In our use-case, our quality output started from conversations between protection, product, and development teams; which located the heart of Signpost AI chatbot’s quality success in humanitarian principles. This guidance was over time, combined with the sources of (a) our humanitarian mandate to provide safe, accessible user-focused information (b) our human moderator principles and (c) our Ethical and Responsible approach to AI

Put together, and primarily based on moderator principles, we have come up with quality dimensions for the Signpost AI chatbot which center users’ needs while integrating organizational principles. These are:

  1. Trauma-Informed: The chatbot’s responses include appropriate levels of Psychological First Aid (PFA) language, matching the client’s tone and tailored to their concern.

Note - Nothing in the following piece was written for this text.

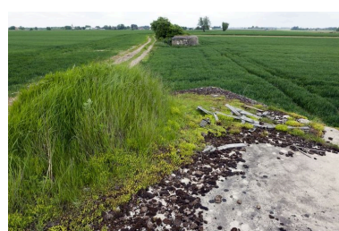
Depuis le couverture, vue vers le blockhaus 205 IVR31_20145904340NUCA

Examples include:

    a. “Don't hesitate to reach out and seek the assistance you need during this challenging time”

    b. “Your safety and well-being during this challenging time are important, and I hope you get the assistance that you need”

  2. Client-Centered: The chatbot’s response is not a copy-paste job. It is individualized, clear, accessible and tailored to the user’s specific concern. This means the responses use simple, easy to understand language and is able to provide direct information on the greatest priority of the client

  3. Safety/Do No Harm: The chatbot’s response does not include expressions of personal opinions/stereotypes/ and political statements. The response maintains confidentiality while removing hateful speech. The chatbot should also be able to redirect to an expert if escalation criteria is met.

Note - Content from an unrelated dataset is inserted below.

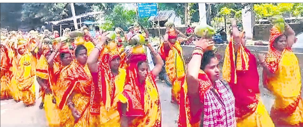
କଳସ ଶୋଭାଯାତ୍ରାରେ ସାମିଲ ଶ୍ରଦ୍ଧାଳୁ ।

ଖଣ୍ଡପଡ଼ା, ୧୮.୧୦ (ଅକ୍ଷୟ କୁମାର ମହାରଣା) ହଜାରେ ଉର୍ଦ୍ଧ୍ୱ ମହିଳା ପୁରୁଷ କଳସ ଶୋଭାଯାତ୍ରାରେ ସାମିଲ କରି ପାଣ୍ଡୁଗ୍ରାହ ପାଟଣା ଯଜ୍ଞସ୍ଥଳରେ ଅନୁଷ୍ଠିତ ହୋଇ ଆସୁଥିବା ବିଶ୍ୱ ଶାନ୍ତି ବୈଦିକ ମହାଯଜ୍ଞ ବୃଧବାର ୫୦୦ବର୍ଷରେ ପଦାର୍ପଣ କରିଛି । ଏଥିପାଇଁ ଗ୍ରାମବାସୀ ଚଳିତ ବର୍ଷ ଏହି ମହାଯଜ୍ଞର ସୁବର୍ଣ୍ଣ ଜୟନ୍ତୀ ପାଳନ କରୁଛନ୍ତି । ବୁଧବାରଠାରୁ ଆରମ୍ଭ ହୋଇଥିବା ଏହି ମହାଯଜ୍ଞ ଆସନ୍ତା ୨୯ ତାରିଖ ପର୍ଯ୍ୟନ୍ତ ଚାଲିବ । ଏହି ଅବସରରେ ବୁଧବାର ପୂର୍ବାହ୍ନରେ ଏକ କଳସ ଶୋଭାଯାତ୍ରା ଅନୁଷ୍ଠିତ ହୋଇଥିଲା । ଏଥିରେ ହଜାରେ ଉର୍ଦ୍ଧ୍ୱ ମହିଳା ଓ ପୁରୁଷ ଗଣ୍ଡା ମନ୍ଦିର ମହାନଦୀ ଘାଟକୁ ଜଳଭାଗ ନେଇ ଗ୍ରାମ ପରିକ୍ରମା କରିଥିଲେ ।

  4. Managing Expectations: Expectations are clearly communicated about what the chatbot can do for the client. It should be transparent about its limitations and does not over-promise its own abilities or the ability of referred parties to solve the client’s issues. The chatbot should also refrain from using directive language. Examples:

    a. “While I do not have information on organizations that can help you, I can provide you with information on different types of organizations that may be of use to you”

    b. “We are sorry but we don’t offer legal advice”

    c. “Reaching out to X organization would be a good first step in accessing support for your family’s essential needs”

We also considered some other quality framework ideas such as Accuracy/Relevance, Speed of response, Client Satisfaction, and Data Sensitivity and Bias, etc. 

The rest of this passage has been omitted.